I wrote such a code to find the grid step(difference between two adjacent machine-representable numbers, machine epsilon the difference between the minimum machine-representable number greater than one and one). Why does this program show 1 for huge values of x and how to fix it to show the correct answer?

#include <stdio.h>
int main(void)
{
    long double x,eps=1.0,a; 
    scanf("%Lg",&x);
    do
    {
        a=eps;
        eps/=2.0;
    }
    while( x+eps>x);
    printf("Grid step: %Le",(long double)a);
    return 0;
}

Solution

Floating-point numbers are represented as a sign (+1 or −1) s, an exponent e, and a numeral f with a fixed number of digits in a fixed base (called the significand).
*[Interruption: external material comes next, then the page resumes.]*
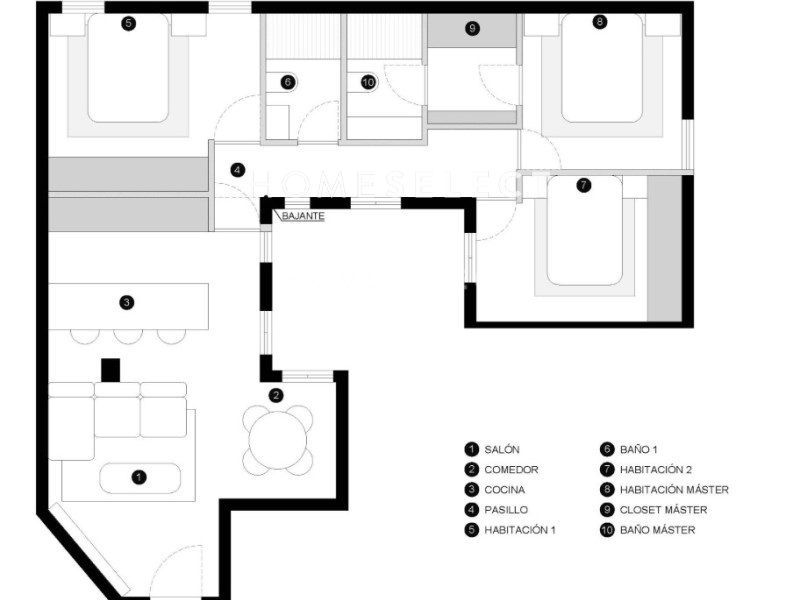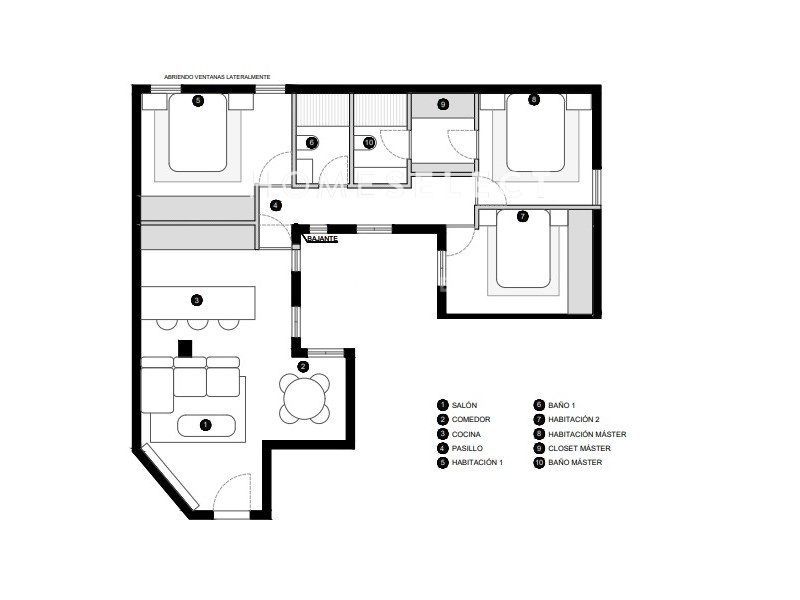 La vivienda presenta una distribución en forma de 'L' bien diferenciada la zona social y la zona privada. Al ingresar, se accede directamente a un área abierta que integra tres espacios conectados entre sí: una zona de estar, una zona de comedor y una cocina en línea. Esta área se beneficia de la entrada de luz natural gracias a la orientación de las ventanas. Desde este espacio principal, un pasillo central actúa como distribuidor hacia la zona privada. A lo largo de este pasillo se encuentran las estancias de descanso y los baños. Hay tres habitaciones en total. La habitación principal cuenta con acceso directo a un vestidor y a un baño privado. Las otras dos habitaciones comparten un baño común accesible desde el pasillo.

With base b and precision (number of digits) p, the number represented with sign s, exponent e, and digits f₀, f₋₁, f₋₂, f₋₃, f₋₄,… f_1−p is s•b^e•sum(f_i•bⁱ for −p < i ≤ 0).

For example, with base 2, precision 4, sign +1, exponent 1, and significand 1.001, the number represented is +1•2¹•1.001₂ = 2•1⅛ = 2¼ = 9/4 = 2.25.

Given any representable number within bounds, the next representable number of greater magnitude is obtained by adding 1 to the lowest digit of the significand. With the above example, the next greater number would have significand 1.010 and the same sign and exponent, so it would be +1•2¹•1.010₂ = 2•1¼ = 2½ = 10/4 = 2.5.

This means that, if a number x is represented with exponent e, then the difference between it and the next greater magnitude representable number is b^e•b^1−p = b^e+1−p.

The number 1 is represented with exponent 0, since 1 = +1•b⁰•1.000…000_b. So the difference between 1 and the next representable number is b^1−p. If your long double format has a base of two and a precision of 64 digits (bits), then this difference is 2¹⁻⁶⁴ = 2⁻⁶³, so the value of the so-called “machine epsilon” should be 2⁻⁶³.

If a binary format is being used, then 2 is represented with an exponent of 1, so the difference between it and the next representable number is b^e+1−p = 2¹⁺¹⁻⁶⁴ = 2⁻⁶². These differences are called ULP, units of least precision.

The ULP for 4 is 2⁻⁶¹, for 8 is 2⁻⁶⁰, and so on. For 2⁶³, the ULP is 2⁶³⁻⁶³ = 1.

When you enter a number that is 2⁶⁴ or larger, your program fails to find the ULP because the ULP is larger than 1, but your program starts looking at 1 and works downward.

You can fix it either by starting with the largest possible ULP in your long double format or by changing the program to work either upward or downward, depending on the value of x.